Muitas vezes pensamos que as coisas estão indo mal e, quando imaginamos que chegamos ao fim do poço, elas ainda pioram. Nessas situações tendemos a nos angustiar profundamente.

Nem sempre a nossa fé triunfa em nossas angústias

            Com frequência não nos é possível compreender a nossa situação de dor e angústia. Mais ainda: nem sempre nos parece possível manter a nossa fé em Deus nas angústias. Não estou dizendo que perdemos a fé; o que percebo é que o difícil é manter a nossa fé subjetivada: crer e viver, comportar-se, responder em consonância com esta fé. A nossa fé nem sempre triunfa de modo existencial durante as nossas tribulações.

            O fato, é que mesmo administrando a história por meio de homens, Deus continua no controle sobre todos os povos e o faz, com retidão. A sua reta vontade prevalecerá sempre.

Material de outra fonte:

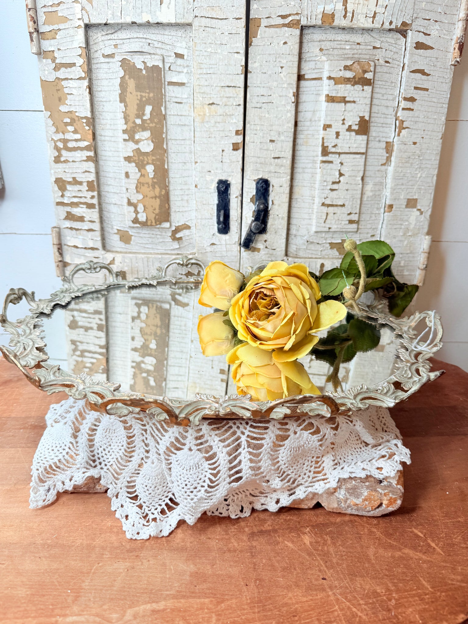 ORNATE ANTIQUE RARE LARGE MIRROR VANITY TRAY STUNNING!!!!

Governo reto: o mal sob o governo de Deus

            O governo soberano de Deus é reto, com equidade, com direito e de forma suave. Os solavancos na história devem-se à rebeldia do homem que deseja subverter o justo governo de Deus. Daí, muitas vezes, as guerras, fome, pestes, epidemias, exploração e injustiças sociais. O governo de Deus é suave e justo.

Calvino comenta:

Deus se assenta supremo, mesmo quando os ímpios triunfam em seus sucessos, ou quando os justos são tripudiados sob os pés da insolência, e que vem o dia quando arrancará o cálice dos prazeres das mãos de seus inimigos e alegrará o coração de seus amigos, livrando-os de suas mais profundas angústias.[3]

            Não pensemos que o mal não esteja sob o governo soberano de Deus dentro de seus propósitos eternos.

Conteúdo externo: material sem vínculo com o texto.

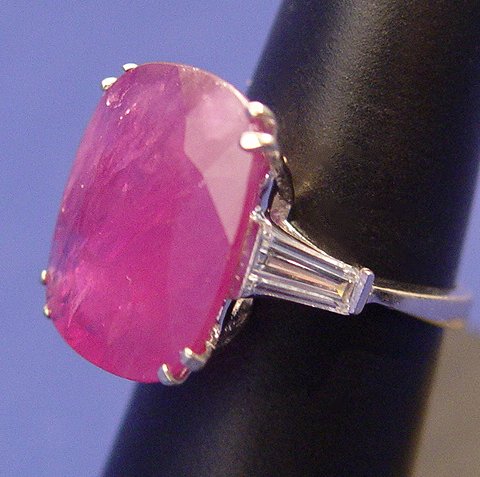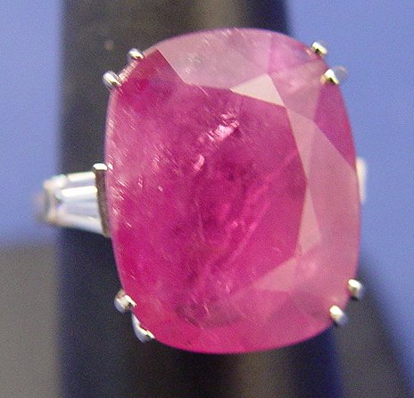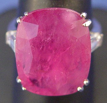 13.45CTW RUBY & WHITE SAPPHIRE RING: Large semi-transparent ruby prong set in 18k white gold with two tapered baguette cut white sapphires, size 6.75, marked 750, 8 grams.

O mundo não está entregue à própria sorte. Deus o governa. Ainda que não percebamos a todo momento sinais desse governo, podemos descansar seguros, certos de que a esperança do aflito não se há de frustrar para sempre.[4] O para sempre é dentro de uma perspectiva totalmente humana.

Na realidade, pela ótica divina, que é a verdadeira, a esperança do aflito, depositada nas promessas de Deus nunca se frustra. Podemos nos frustrar com os nossos sonhos e anseios, porém, nunca com as promessas de Deus.

            Os seus retos e santos juízos permeiam toda a Terra. Nada ficará de fora

Caráter missionário

            Como a realeza de Deus sobre todas as coisas é um fato, há na visão dos salmistas a certeza de que o seu juízo também é sobre toda a criação, adquirindo um caráter temporal e escatológico. O nosso Deus não é de uma cultura, de um povo, das montanhas, dos mares ou dos ares, antes é o Rei sobre todas as coisas, visíveis e invisíveis. Como tal, juiz de todas as nações: Essa certeza era parte integrante do caráter missionário da igreja mesmo no Antigo Testamento:

             “Reina o SENHOR. Ele firmou o mundo para que não se abale e julga (!yD) (diyn) os povos com equidade” (Sl 96.10).

                “Na presença do SENHOR, porque vem, vem julgar a terra; julgará o mundo com justiça e os povos, consoante a sua fidelidade” (Sl 96.13/Sl 98.9).[5]

Comentando o Salmo 96, Calvino sustenta que:

O salmista está exortando o mundo inteiro, e não apenas os israelitas, ao exercício da devoção. Isso não poderia ser efetuado, a menos que o evangelho fosse universalmente difundido como meio de comunicar conhecimento de Deus. (…) O salmista notifica, consequentemente, que o tempo viria quando Deus erigiria seu reino no mundo de uma maneira totalmente imprevista. Ele notifica ainda mais claramente como ele procede, ou, seja: que todas as nações partilhariam do favor divino. Ele convoca a todos a anunciarem sua salvação e, desejando que a celebrassem dia após dia, insinua que ela não era de uma natureza transitória ou evanescente, mas que duraria para sempre.[6]

Maringá, 11 de outubro de 2019.

Rev. Hermisten Maia Pereira da Costa


[1]D. M. Lloyd-Jones, Deus o Pai, Deus o Filho, São Paulo: Publicações Evangélicas Selecionadas, 1997 (Grandes Doutrinas Bíblicas, v. 1), p. 323.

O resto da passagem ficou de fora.